When representing professionals in a disciplinary matter, counsel should begin their assessment of the case by reviewing the Notice of Hearing and breaking down the elements of each offence alleged as a way of “formulating the theory of the case,” says Lonny.
“Once the regulator’s file is disclosed it’s important for counsel to go back to the Notice of Hearing and identify the evidence available to support the regulator’s case.”
At a recent presentation at the Tribunal Advocacy Program for Osgoode Professional Development, Lonny spoke on advocacy before administrative tribunals from his experience representing members in regulatory proceedings, acting as independent legal counsel to discipline committees, and chairing hearings as a tribunal member.
Rosen, partner with Rosen Sunshine LLP, also spoke about investigation and discovery in tribunal proceedings with a focus on the advocate’s role at the pre-hearing stage. He looked at the scope of a professional’s right to disclosure at the pre-hearing stage.
“Don’t just start with your client’s version of events or complaint response. The risk there is that the client fails to appreciate the significance of the allegations — they may describe allegations like breach of the standard of practice or falsifying a document as a ‘records case,'” he said. “After outlining the allegations and elements, review the disclosure and identify the good and bad facts, the evidence available to support the facts you need to prove, and any holes in the case.”
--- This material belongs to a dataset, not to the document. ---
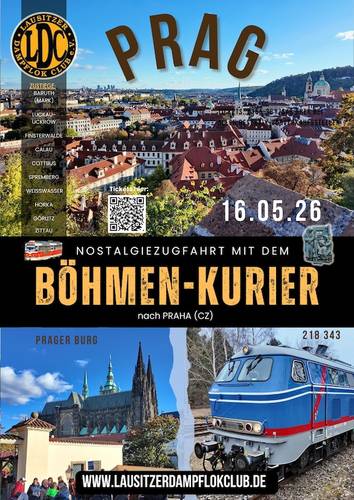 Wir starten dieses mal in Baruth (Mark), durchqueren die schöne Oberlausitz und fahren am Rande des Isergebirges durch Mittelböhmen mit traumhaften einmaligen Anblicken aus dem Zug heraus. Wir durchfahren in Sychrov einen historischen Tunnel und in Turnov einen der größten Eisenbahnknoten in Böhmen.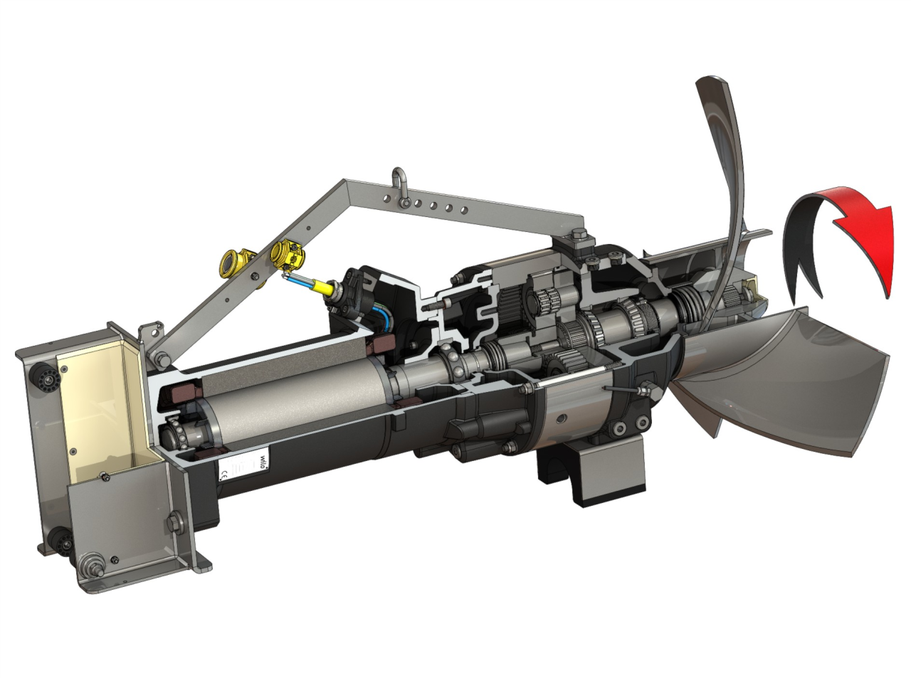 1 = рама, 2 = кабель, 3 = камера привода, 4 = маслоналивные пробки, 5 = пропеллер, 6 = форкамера, 7 = устройство контроля герметичности камеры уплотнений (в качестве опции), 8 = винты слива масла, 9 = планетарный редуктор, 10 = камера уплотнений, 11 = электродвигатель

Once a flavour of the allegations and strength of the College’s case is assessed, look at how the tribunal dealt with this type of case before and determine the defences available, Rosen said.
He commented on the extent to which a member is obliged to participate in the investigation and when clients’ statements can be used against them.
Rosen also discussed reciprocal disclosure obligations, the new trend in professional regulation. For regulators that have these new rules — requiring members involved in disciplinary proceedings to disclose to the regulator any information to be relied on at a hearing — failure to comply could restrict the use of such material, he noted.
“These rules require that the member must disclose to the regulator the existence of every document and thing that the party will refer to or give in evidence at the hearing, at least 10 days before the hearing,” he told the program. “The consequences of failing to comply are that the member cannot refer to that document or thing without leave of the tribunal, and this may be on terms and conditions that the committee orders.”
Rosen said many tribunals require the member to participate in a pre-hearing conference, by providing a memo in which many aspects of their case must be disclosed.
“Certainly, this facilitates resolution and a realistic assessment of the case,” he said. “It also permits a smoother hearing procedure.”
Rosen said even when there is no room for agreement between the parties, “fairly identifying the College’s case, for example, can be effective advocacy, as it conveys that you are ready to take it head on.”
Rosen said that while members do not have to give evidence in the proceeding, panels generally like to hear from the member.
“They have a thirst for information and dislike being denied information they feel is important and relevant” he said.